E ela confiou. Como um pássaro que confia no galho até ele quebrar.
O estalo final foi um silêncio. O silêncio do cofre vazio. Ele sumira, e com ele, os originais da "Aurora", os clientes mais importantes e todo o capital de giro. A joalheria, o sonho de gerações da sua família, estava falida. O banco ligou para informar sobre o empréstimo impagável que ele contraiu em nome dos dois. A última mensagem dele foi um triunfo cruel: "A arte era sua, mas o negócio sempre foi meu. Cresce, Rita."
Rita percebeu que estava tremendo. A xícara tilintou contra o pires de forma discordante. "Eu era a artista", sussurrou, a voz carregada de uma raiva que se alimentava de tristeza. "Ele era só o vendedor. E ele não só me roubou, ele me apagou."
Bela fechou o laptop com um clique seco. Seu rosto era uma máscara de pedra lisa. "O amor é a ferramenta preferida dos homens incompetentes. Eles usam para nos convencer de que nossa força é fraqueza e sua ambição é virtude. Você confundiu uma aliança com uma submissão." Ela fez uma pausa, deixando as palavras cortantes ecoarem na sala. "Não cometa o mesmo erro duas vezes."
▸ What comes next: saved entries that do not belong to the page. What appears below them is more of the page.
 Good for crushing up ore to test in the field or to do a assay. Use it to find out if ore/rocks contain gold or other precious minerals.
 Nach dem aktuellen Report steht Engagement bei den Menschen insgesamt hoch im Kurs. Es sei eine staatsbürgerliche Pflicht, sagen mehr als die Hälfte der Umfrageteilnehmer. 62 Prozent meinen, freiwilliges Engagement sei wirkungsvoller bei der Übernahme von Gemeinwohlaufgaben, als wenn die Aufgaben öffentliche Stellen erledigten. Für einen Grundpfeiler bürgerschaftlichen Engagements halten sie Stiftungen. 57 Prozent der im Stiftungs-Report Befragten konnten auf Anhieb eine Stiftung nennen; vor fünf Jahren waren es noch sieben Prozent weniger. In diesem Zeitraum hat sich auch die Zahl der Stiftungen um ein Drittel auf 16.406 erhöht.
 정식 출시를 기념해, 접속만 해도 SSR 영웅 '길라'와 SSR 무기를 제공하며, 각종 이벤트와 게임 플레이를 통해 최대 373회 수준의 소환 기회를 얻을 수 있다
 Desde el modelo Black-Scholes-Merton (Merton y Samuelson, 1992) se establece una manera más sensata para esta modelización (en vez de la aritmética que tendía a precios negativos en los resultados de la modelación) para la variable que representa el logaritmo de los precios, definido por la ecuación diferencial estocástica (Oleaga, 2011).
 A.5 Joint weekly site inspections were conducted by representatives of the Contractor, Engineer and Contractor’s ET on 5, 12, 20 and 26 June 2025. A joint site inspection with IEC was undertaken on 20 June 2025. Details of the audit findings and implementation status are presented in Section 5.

A frase caiu como uma lâmina. Era brutal, mas, no fundo, Rita sabia que era a verdade mais pura que ouvira desde que tudo desmoronou.
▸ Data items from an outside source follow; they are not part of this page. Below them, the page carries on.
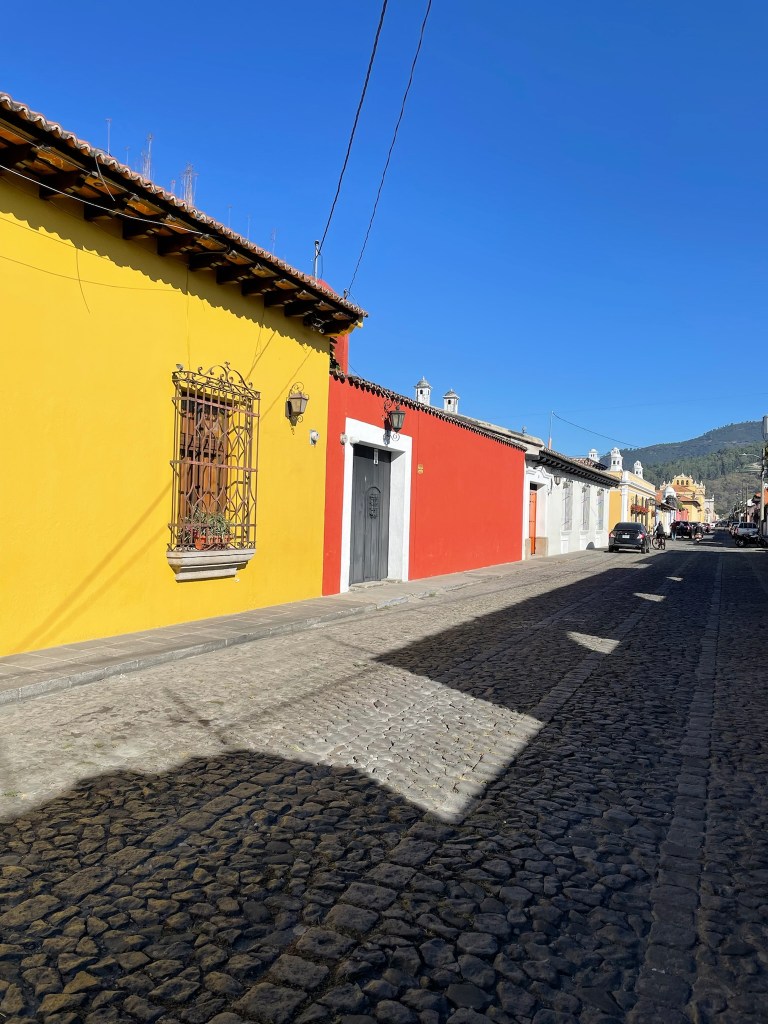 Ayant demandé à plusieurs personnes si un bus existait pour aller sur notre première étape, il est apparu que les recommandations penchaient pour une navette. La fatigue et l’envie de se coucher rapidement nous ont amené à partager un taxi pour arriver en début de soirée dans l’ancienne capitale du Guatemala.
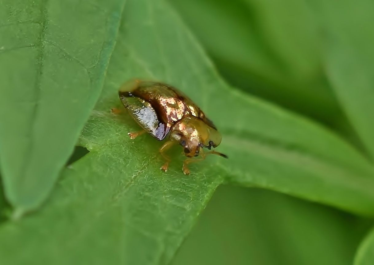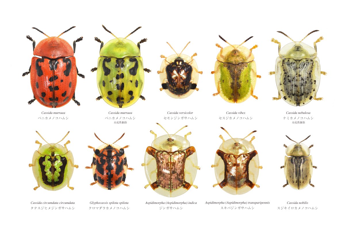 모시 금자라 남생이 잎벌레는 그 이름에서 알 수 있듯이 금빛을 띤 외모가 특징입니다. 몸길이는 약 7.0~8.5mm로, 작은 크기에도 불구하고 눈에 띄는 아름다움을 지니고 있습니다. 몸의 색상은 주로 투명하고 적금색을 띠며, 특히 겉날개는 금빛으로 빛나 자라처럼 생긴 외모를 자랑합니다. 살아있는 상태에서는 이 금빛이 매우 찬란하게 빛나지만, 표본으로 보존할 경우 그 아름다움이 사라지는 점이 안타깝습니다.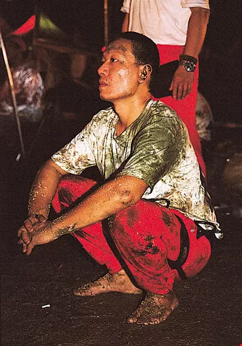 After the competition, competitors crouch panting, their bodies covered with tallow.

A porta da frente abriu-se com um ruído suave. Jessi entrou, trazendo consigo o cheio da noite e uma energia contida. Seus olhos, sempre atentos, encontraram os de Rita de imediato. Leu a angústia neles, a fragilidade pós-confissão.
"Deu certo", Jessi anunciou para Bela, mas seus pés já a levavam em direção ao sofá. "O contato está conosco. Passou a senha-mestra e os horários de patrulha." Sua voz era firme, mas seus movimentos, ao se sentar ao lado de Rita, eram surpreendentemente gentis.
Sem cerimônia, sem perguntas, Jessi colocou um braço firme ao redor dos ombros de Rita. Era um gesto de proteção pura, um abrigo contra os demônios que Bela invocara e o passado trouxera. O corpo de Jessi era sólido, quente, um porto seguro inesperado no meio do caos.
Bela observou, seus olhos analíticos passando do abraço para o rosto de Rita, que finalmente se virava, enterrando o rosto no ombro de Jessi por um breve, intenso momento.
"Bom", disse Bela, sua voz neutra. "O plano avança."
Mas naquele instante, o plano, o cofre, a vingança – tudo parecia secundário. Para Rita, a única coisa real era a solidez do braço de Jessi ao seu redor, a promessa silenciosa de que ela não estava mais sozinha. Ela estava se reconstruindo, e Jessi, com sua força silenciosa e sua própria bagagem de dores, era a fundação que ela não sabia que precisava encontrar. A arte poderia ter sido roubada, mas uma nova força, mais resiliente, começava a nascer em seu lugar.